Идти по пустынным улицам мертвого города, города, похороненного под землей, было жутко до омерзения. Темнота, сырость и холод заставляли ежиться и выдыхать легкое облачко пара. Эва знала по опыту, что в пещерах всегда дурной климат, но здесь, казалось, гораздо хуже. Мокрое платье, облепившее, как щупальца, плотно и неприятно, заставляло ее непроизвольно трястись; стылая земля — подгибать пальцы.

— Если не умру от истощения и ран, замерзну насмерть.

Также старик предупредил, чтобы она держалась в тени, и пожелал ей как можно скорее найти укрытие. Город огромный, но это не значит, что в нем легко затеряться, наоборот, разгуливающая молодая девица у всех, как на ладони, просматривается из любой дыры.

Осторожно она перебралась через очередную кучу мусора, состоящую из строительного шлака, остановилась возле приземистого одноэтажного здания. Оно было исчерчено похабными надписями и пошлыми рисунками. Эва скривилась от отвращения. Ее интересовало не народное творчество местного населения, а проржавевшая металлическая штука на крыше в виде надкусанного яблока. Возможно, когда-то здесь угощали этими чудесными плодами?!

Эва мечтательно прикрыла глаза, вспоминая свежеть, кислинку и хруст фрукта, отчаянно простонала, понимая, что еще немного, и ее желудок начнет переваривать сам себя.

Где-то в стороне промелькнул хвост.

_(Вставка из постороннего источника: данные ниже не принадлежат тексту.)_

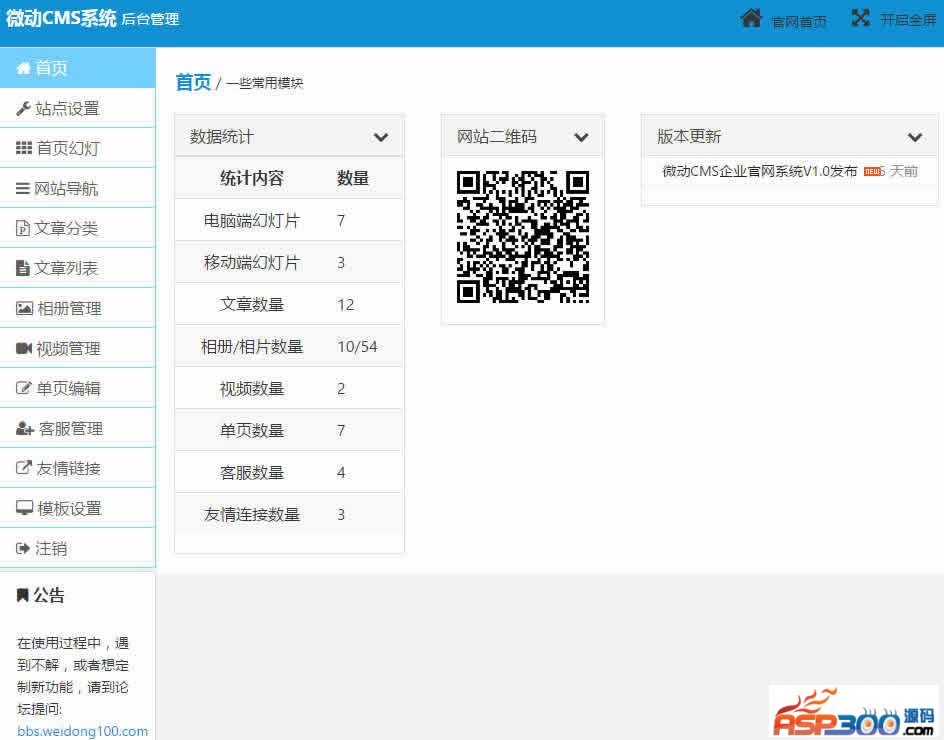 微动企业门户系统,简洁,内容一目了然,满足常规展示型网站的需求,幻灯片、文章管理、图片管理、视频管理、客服管理。

Эва замерла в оборонительной позе, вытянув перед собой палку. Но зверь либо сам боялся, либо ждал удачного момента, чтобы напасть. Сделать следующий шаг оказалось непросто, напряжение сковало, дыхание стало отрывистым и частым. Адреналин, разгоняющий кровь, помог согреться.

Продолжив путь, она оказалась на рухнувшем мосту. Конструкция впечатляла своим размахом. Возможно, когда-то он соединял одну часть города с другой. Эва даже представила, как огромный, величественный мост возвышается над пропастью или рекой, она изучила взглядом огромную яму, в которой валялись ржавые опоры и детали, утверждая свою догадку. Да, там наверняка была вода.

Она выдохнула, поражаясь умению древних людей делать что-то подобное. Конечно, в Церебруме тоже были впечатляющие постройки, но они не вызывали того благоговейного трепета, как эти руины. Почему? Она не понимала. Но знала точно, этот мир ей нравится больше, чем верхний.

Не видя необходимости перехода, она свернула в совсем узкий проем, наступив на что-то острое, поморщилась, но даже не удосужилась посмотреть. Все ее внимание занимали темные прорехи. Множество пустых оконных проемов, казалось, хранили в своей темноте чудищ. Древних и таких же уродливых, как лик самого города. И если чуть потерять бдительность, они выпустят свои длиннющие лапы, чтобы схватить, разорвать и поглотить глупого путника.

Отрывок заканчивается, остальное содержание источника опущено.